Skill Performance

"Performance" for skills isn't latency in the traditional sense. It's: does the skill produce reliable behavior; does it consume reasonable context; does it integrate without slowing the conversation?

This page covers the performance considerations.

Context cost

When a skill is invoked, its content loads into Claude's context. Long skills consume more tokens.

The trade-off

- Detailed skill: comprehensive but expensive

- Brief skill: cheaper but may miss cases

For frequently-invoked skills, context cost compounds.

Patterns

- **Brief SKILL.md + reference docs**: load only what's needed

- **Conditional sections**: "if doing X, see references/x.md"

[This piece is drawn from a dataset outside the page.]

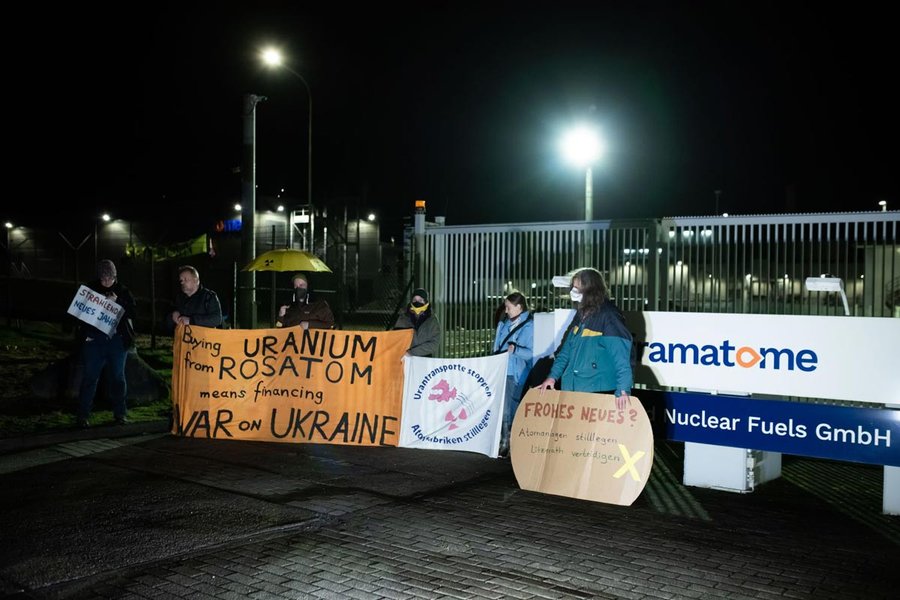 11.3.2022: Als Antwort auf den Angriff auf die Ukraine hat die Betreiberfirma der Urananreicherungsanlage Gronau die Uran-Geschäfte mit Russland gestoppt. Atomkraftgegner*innen warnen unterdessen davor, dass in den von Kämpfen betroffenen ukrainischen Meilern Brennstoff aus Deutschland verwendet wird - und fordern einen umgehenden Exportstopp.

- **External scripts**: complex logic in scripts, not instructions

A 200-line SKILL.md is fine. A 2000-line one suggests refactoring.

Invocation reliability

Does Claude invoke the skill when expected?

Description specificity

Vague descriptions miss invocations. Specific descriptions match better.

Trigger keywords

Including the words users actually say in the description helps matching.

Skip conditions

Explicit "don't invoke when X" prevents wrong invocations.

Workflow efficiency

Skills that compose into workflows shouldn't slow workflows down.

Avoid redundancy

Skill A and Skill B both do similar setup. The second invocation re-does work the first did.

Solution: smaller, more focused skills that don't overlap.

Avoid heavy initialization

Skills that produce long preamble before doing anything useful waste tokens.

Quick wins

If a skill can resolve quickly (the user's question is simple), let it. Don't always go through full procedure for trivial cases.

Tool call efficiency

Skills using tools (Bash, Read, etc.) generate tool calls that consume context.

Batch operations

If a skill needs to read 5 files, batch the reads in one message instead of sequential.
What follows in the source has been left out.